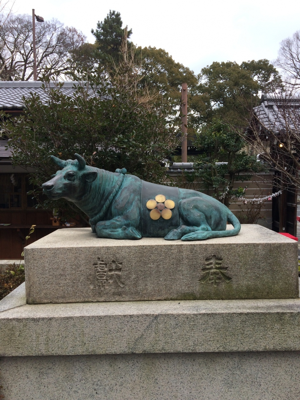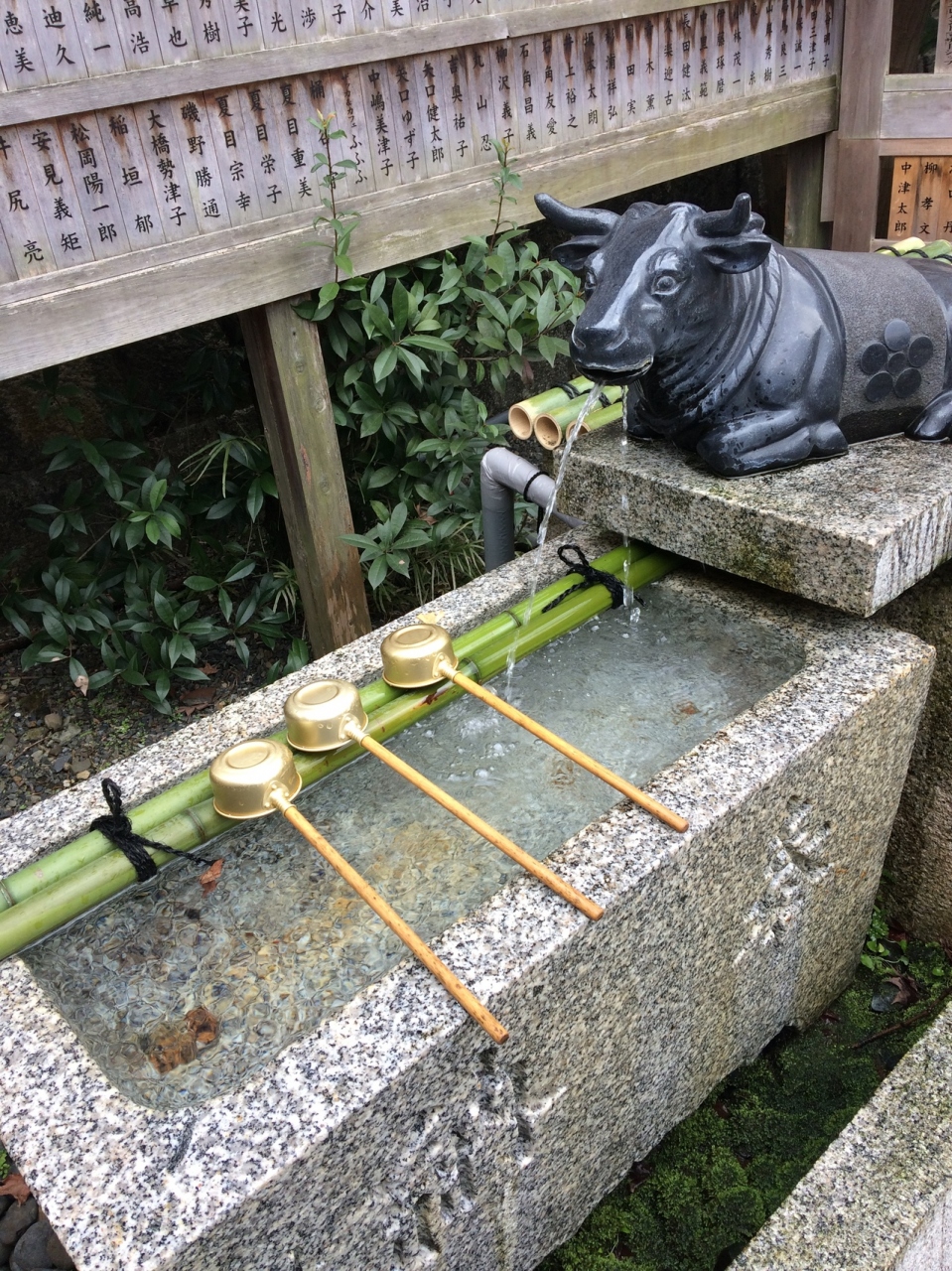 手水舎には牛。
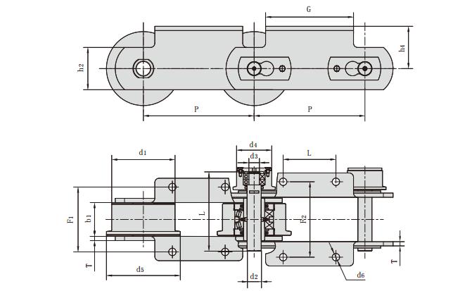 鏈條型號 P L G F1 F2 h4 h2 d6 T
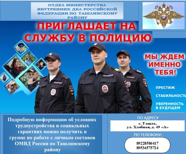 ОМВД России по Ташлинскому району предлагает гражданам один из самых престижных вариантов трудоустройства в настоящее время — это служба в
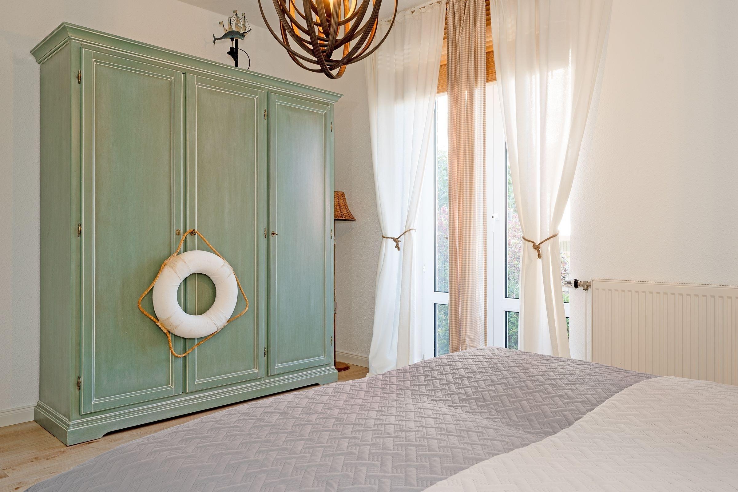 Ein weiteres Highlight der Wohnung ist das liebevoll gestaltete und großzügige Schlafzimmer, das mit einem bequemen Doppelbett (2x 90x200 cm) für einen geruhsamen Schlaf sorgt. Nach Norden ausgerichtet ist es auch im Sommer stets angenehm kühl - Ihre Kleidung findet im geräumigen Kleiderschrank Platz. Schön sind die bodentiefen Fenster, verdunkelt wird mit elektrischen Außenjalousien. Das schicke, taghelle Duschbad mit Föhn und Kosmetikspiegel lässt Sie bestimmt mit einem Lächeln in den neuen Tag starten.

══════════

REQUIRED ACTION: Leave out the pictures and restate, word for word, the lines from the top of the data through the line containing "ОМВД России по", both included.

RESPONSE TO THE EXERCISE:
 手水舎には牛。
 鏈條型號 P L G F1 F2 h4 h2 d6 T
 ОМВД России по Ташлинскому району предлагает гражданам один из самых престижных вариантов трудоустройства в настоящее время — это служба в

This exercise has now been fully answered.